[Records from a data source]
○ ○ ○ ○

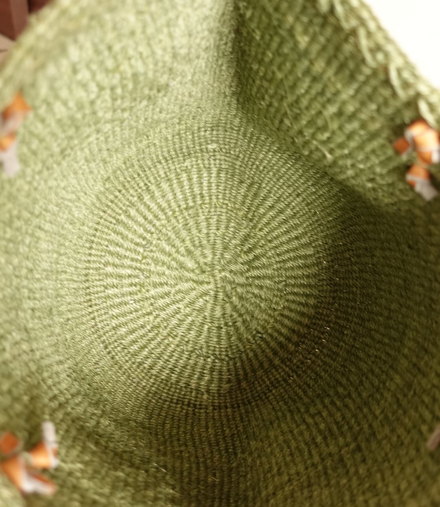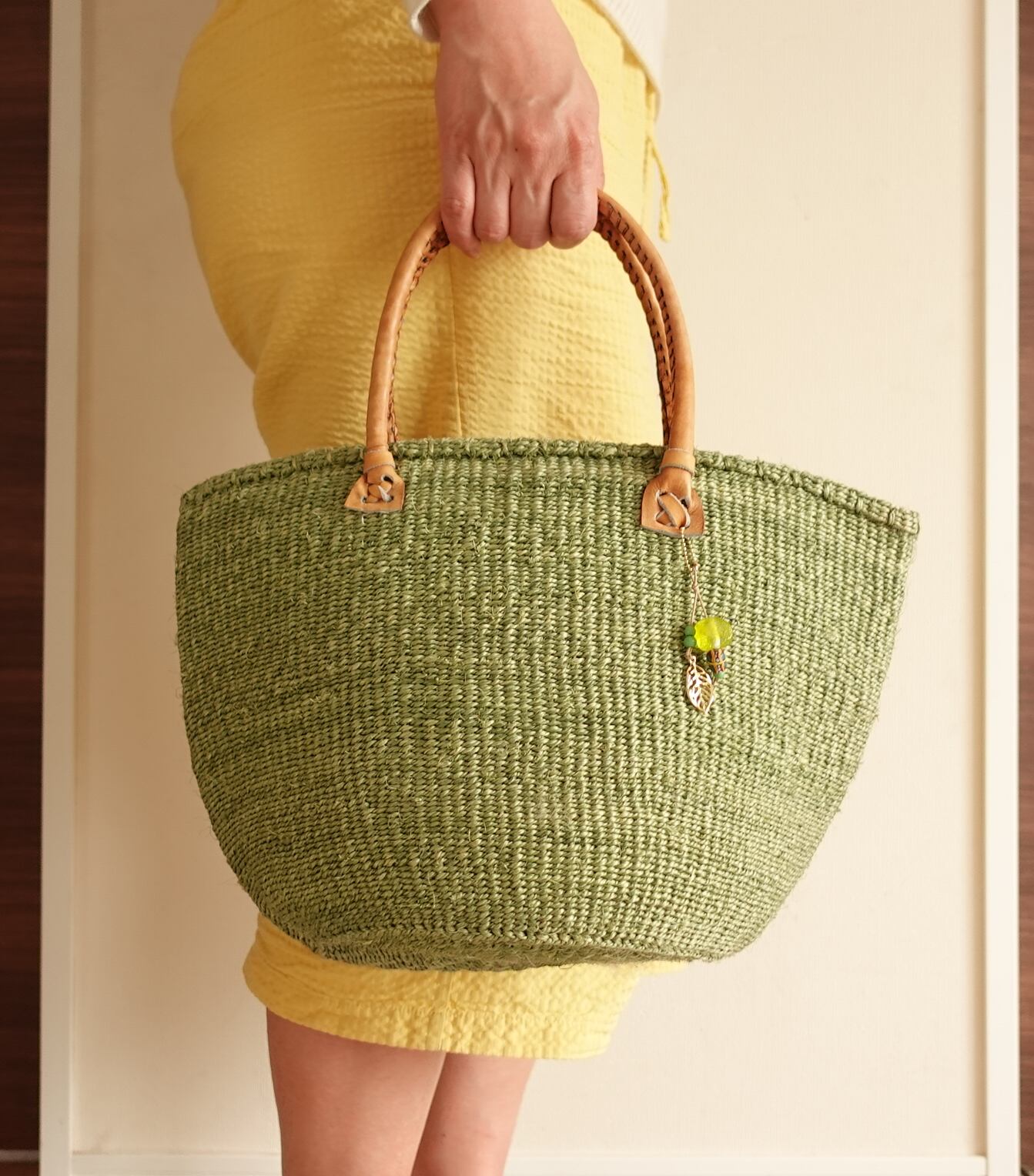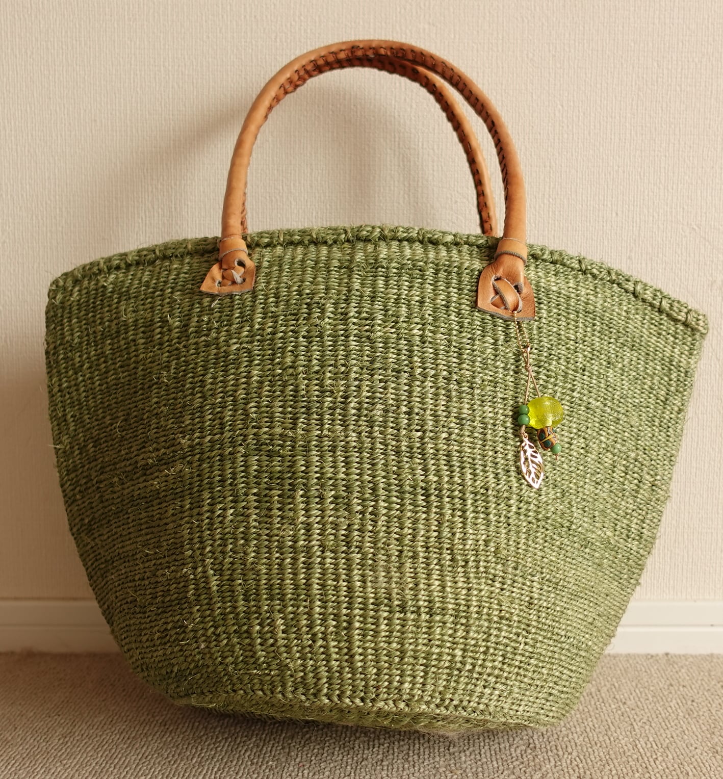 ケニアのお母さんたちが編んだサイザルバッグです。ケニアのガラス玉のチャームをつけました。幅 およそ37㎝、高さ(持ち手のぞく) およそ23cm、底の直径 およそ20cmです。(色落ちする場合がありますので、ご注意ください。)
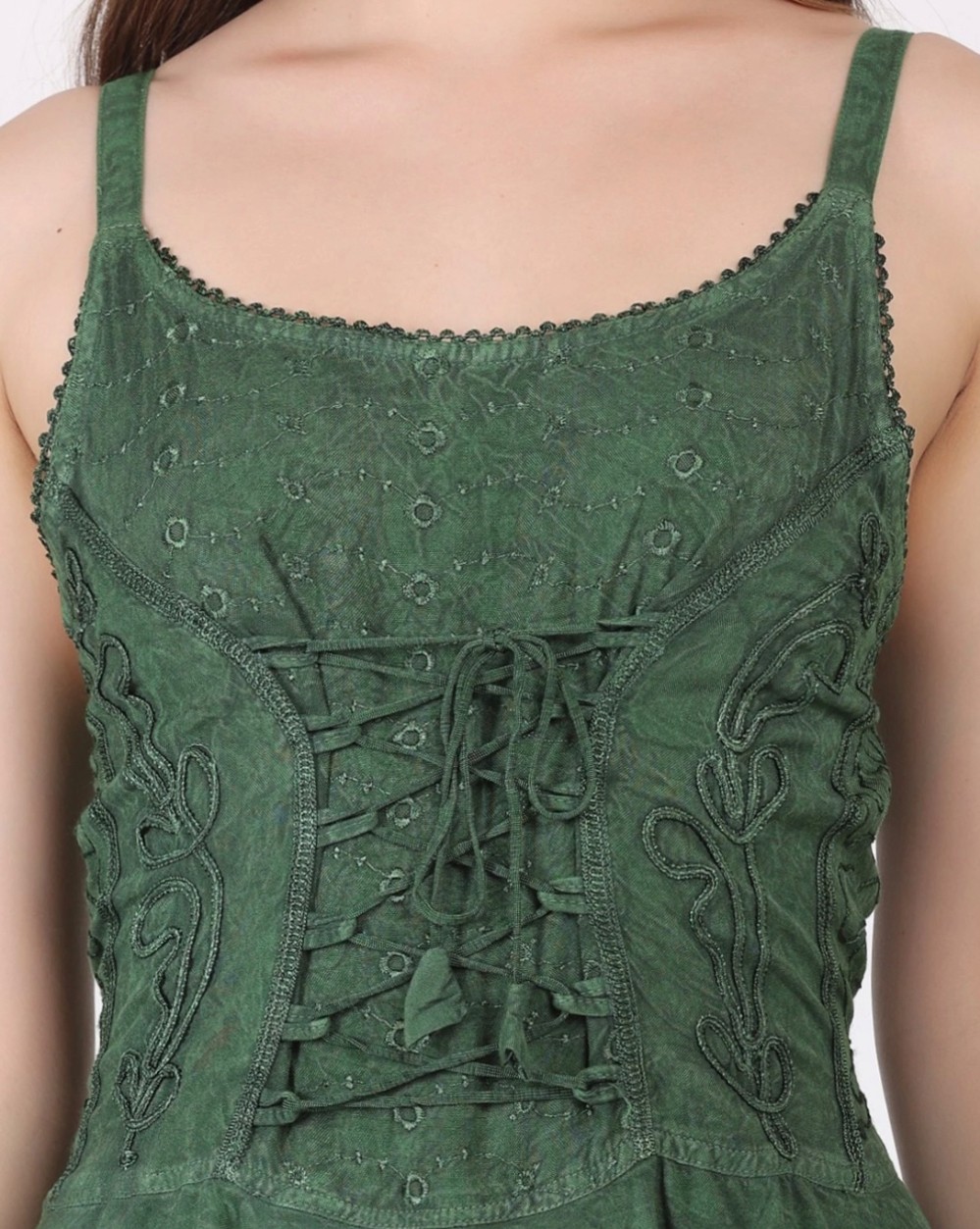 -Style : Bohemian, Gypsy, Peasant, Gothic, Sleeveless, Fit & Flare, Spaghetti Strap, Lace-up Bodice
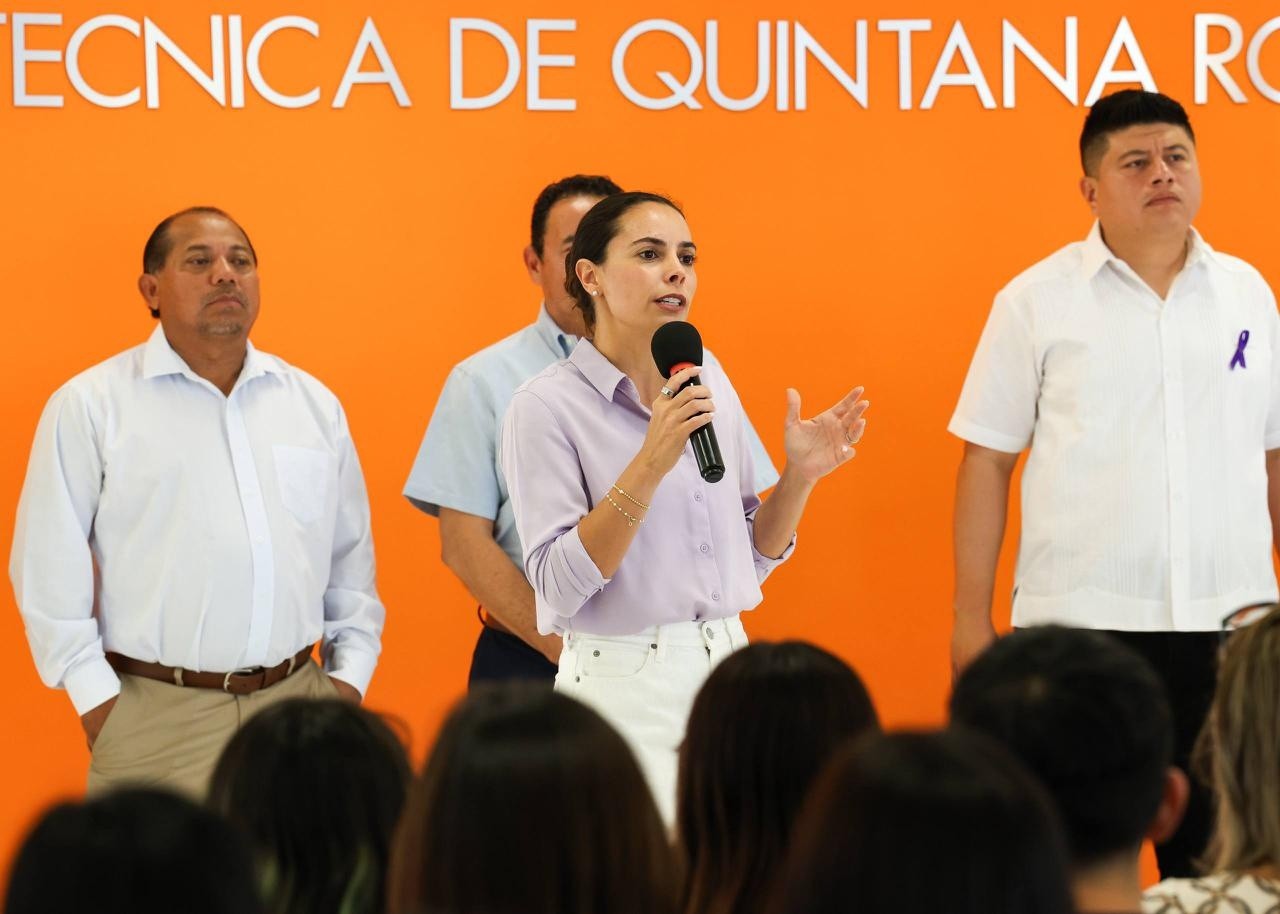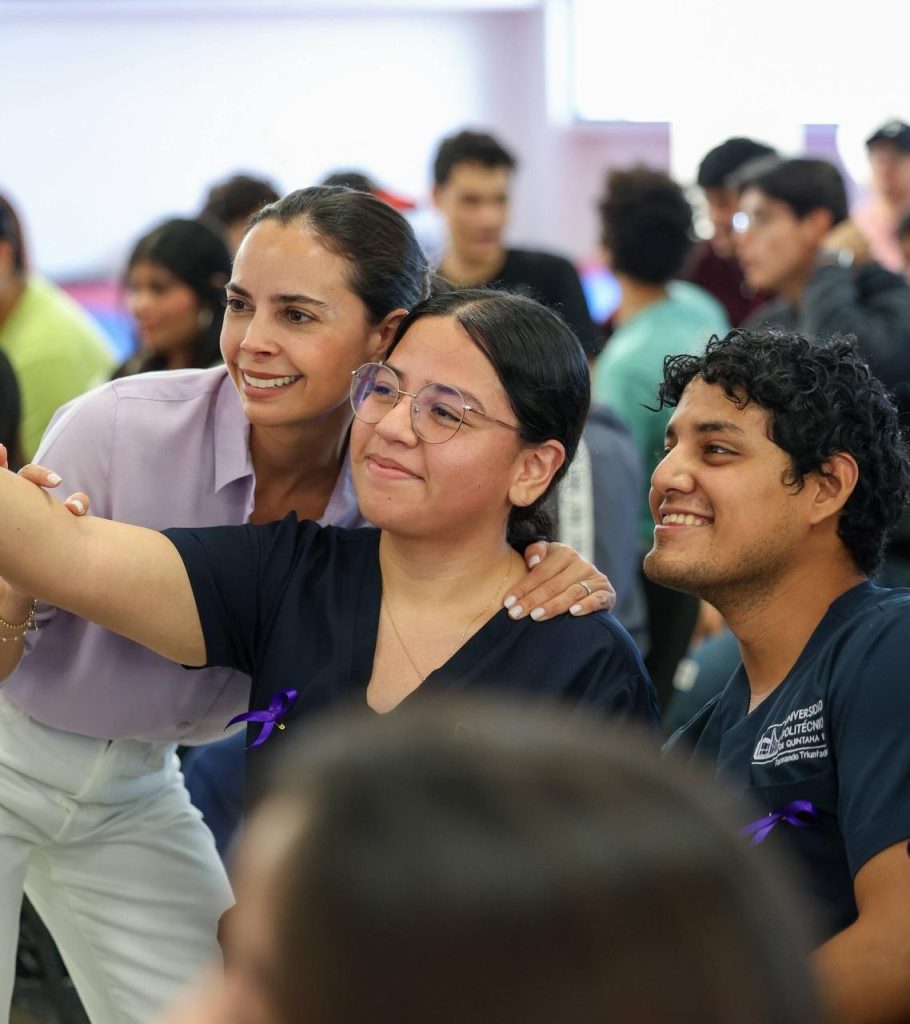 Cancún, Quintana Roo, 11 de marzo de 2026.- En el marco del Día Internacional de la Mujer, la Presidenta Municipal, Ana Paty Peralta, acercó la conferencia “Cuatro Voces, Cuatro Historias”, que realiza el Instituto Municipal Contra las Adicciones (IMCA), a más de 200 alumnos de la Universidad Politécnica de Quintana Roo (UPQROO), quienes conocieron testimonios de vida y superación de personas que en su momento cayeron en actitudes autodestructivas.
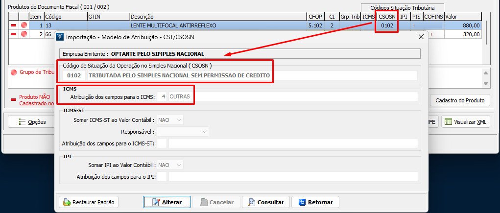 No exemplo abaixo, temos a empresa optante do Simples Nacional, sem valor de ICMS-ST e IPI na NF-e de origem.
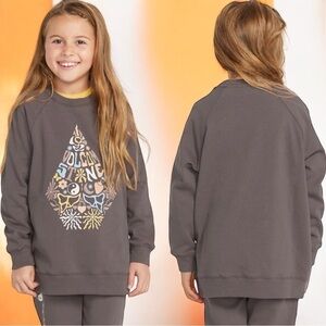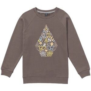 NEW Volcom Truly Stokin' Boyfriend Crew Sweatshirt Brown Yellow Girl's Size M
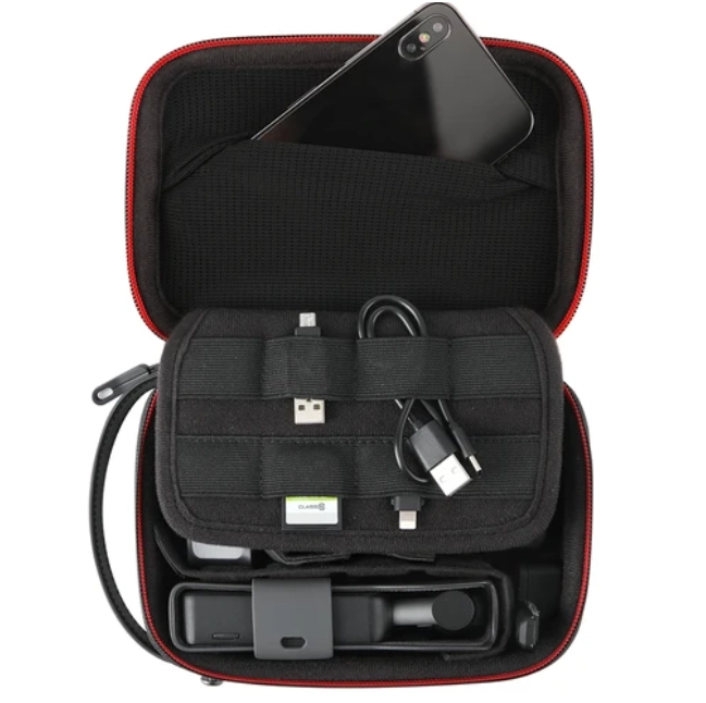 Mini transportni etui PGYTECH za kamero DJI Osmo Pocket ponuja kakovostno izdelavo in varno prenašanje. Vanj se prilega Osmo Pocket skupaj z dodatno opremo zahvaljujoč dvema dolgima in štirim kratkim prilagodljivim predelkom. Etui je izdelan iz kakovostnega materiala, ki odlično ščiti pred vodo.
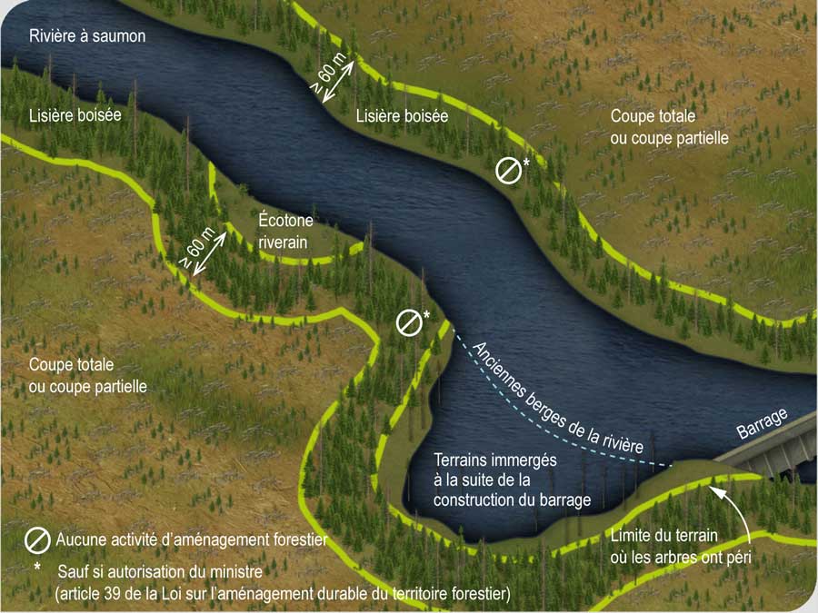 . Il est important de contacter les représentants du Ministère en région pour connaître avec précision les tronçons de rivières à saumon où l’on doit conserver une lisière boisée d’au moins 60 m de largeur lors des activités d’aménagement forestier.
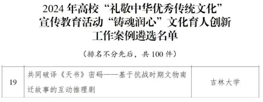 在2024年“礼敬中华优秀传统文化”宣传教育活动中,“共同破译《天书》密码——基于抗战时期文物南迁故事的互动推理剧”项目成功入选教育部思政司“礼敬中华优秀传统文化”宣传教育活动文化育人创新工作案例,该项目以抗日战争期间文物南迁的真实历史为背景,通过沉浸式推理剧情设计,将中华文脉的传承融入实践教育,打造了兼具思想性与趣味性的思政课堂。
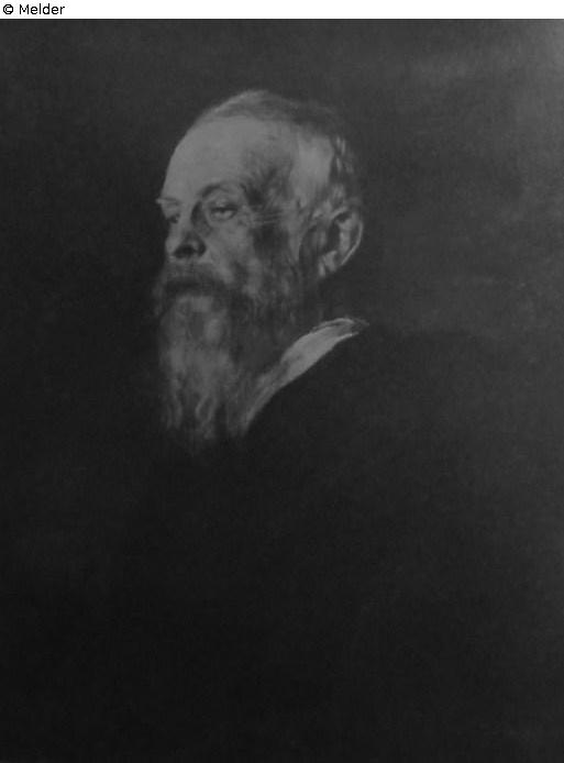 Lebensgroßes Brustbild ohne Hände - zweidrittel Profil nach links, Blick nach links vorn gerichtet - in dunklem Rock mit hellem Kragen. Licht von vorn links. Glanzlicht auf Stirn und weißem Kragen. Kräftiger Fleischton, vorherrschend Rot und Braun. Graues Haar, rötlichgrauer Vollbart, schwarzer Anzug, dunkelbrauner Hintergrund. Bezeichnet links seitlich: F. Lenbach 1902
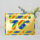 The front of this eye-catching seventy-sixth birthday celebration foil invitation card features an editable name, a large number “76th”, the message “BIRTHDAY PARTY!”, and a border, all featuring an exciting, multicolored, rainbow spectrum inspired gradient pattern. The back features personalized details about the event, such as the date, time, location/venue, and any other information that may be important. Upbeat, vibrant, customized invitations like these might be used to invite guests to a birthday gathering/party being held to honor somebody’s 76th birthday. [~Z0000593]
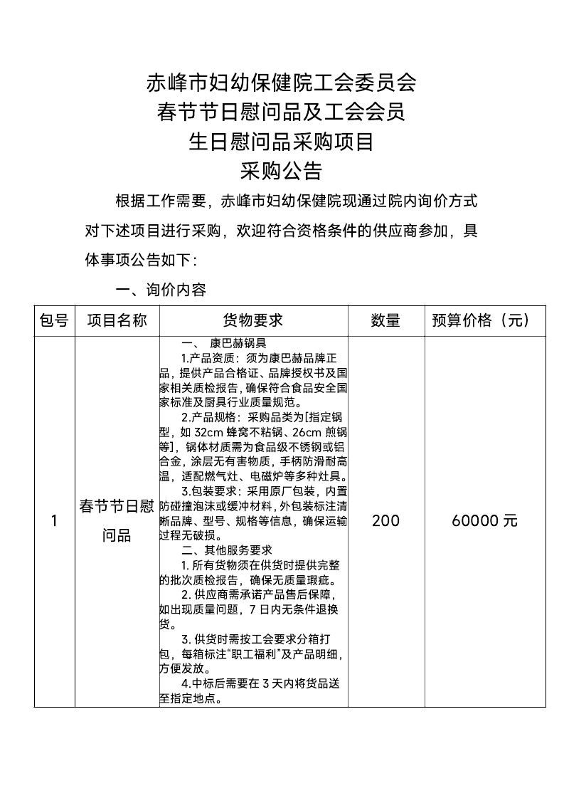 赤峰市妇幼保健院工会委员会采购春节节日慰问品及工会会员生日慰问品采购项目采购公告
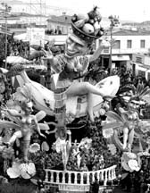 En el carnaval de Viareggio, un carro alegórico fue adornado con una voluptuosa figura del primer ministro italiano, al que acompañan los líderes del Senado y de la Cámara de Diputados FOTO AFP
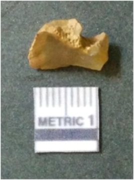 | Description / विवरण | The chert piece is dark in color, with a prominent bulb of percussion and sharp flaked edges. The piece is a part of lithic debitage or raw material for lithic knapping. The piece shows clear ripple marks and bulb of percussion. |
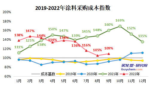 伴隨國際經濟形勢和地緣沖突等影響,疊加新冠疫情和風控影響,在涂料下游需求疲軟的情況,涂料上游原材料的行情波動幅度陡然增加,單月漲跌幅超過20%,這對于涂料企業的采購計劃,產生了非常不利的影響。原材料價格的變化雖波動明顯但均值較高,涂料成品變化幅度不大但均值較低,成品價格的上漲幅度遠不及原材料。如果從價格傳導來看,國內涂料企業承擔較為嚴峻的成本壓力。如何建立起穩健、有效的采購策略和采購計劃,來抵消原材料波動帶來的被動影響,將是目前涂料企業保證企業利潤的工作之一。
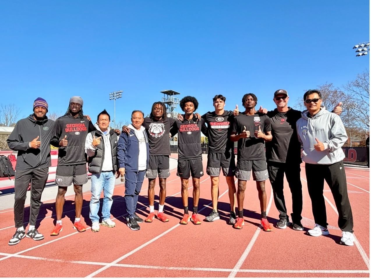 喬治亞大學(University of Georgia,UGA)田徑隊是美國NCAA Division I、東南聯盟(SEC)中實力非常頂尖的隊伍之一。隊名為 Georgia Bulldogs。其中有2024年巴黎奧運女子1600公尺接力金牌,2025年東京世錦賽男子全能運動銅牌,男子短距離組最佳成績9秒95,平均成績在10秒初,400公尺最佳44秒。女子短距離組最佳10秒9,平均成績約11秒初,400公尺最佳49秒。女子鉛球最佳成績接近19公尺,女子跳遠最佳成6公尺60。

○ ○ ○ ○

With pictures omitted, repeat the entries above word for word from the line holding "No exemplo abaixo, temos" down to the line holding "activités d’aménagement forestier.", keeping both of those lines.

 No exemplo abaixo, temos a empresa optante do Simples Nacional, sem valor de ICMS-ST e IPI na NF-e de origem.
 NEW Volcom Truly Stokin' Boyfriend Crew Sweatshirt Brown Yellow Girl's Size M
 Mini transportni etui PGYTECH za kamero DJI Osmo Pocket ponuja kakovostno izdelavo in varno prenašanje. Vanj se prilega Osmo Pocket skupaj z dodatno opremo zahvaljujoč dvema dolgima in štirim kratkim prilagodljivim predelkom. Etui je izdelan iz kakovostnega materiala, ki odlično ščiti pred vodo.
 . Il est important de contacter les représentants du Ministère en région pour connaître avec précision les tronçons de rivières à saumon où l’on doit conserver une lisière boisée d’au moins 60 m de largeur lors des activités d’aménagement forestier.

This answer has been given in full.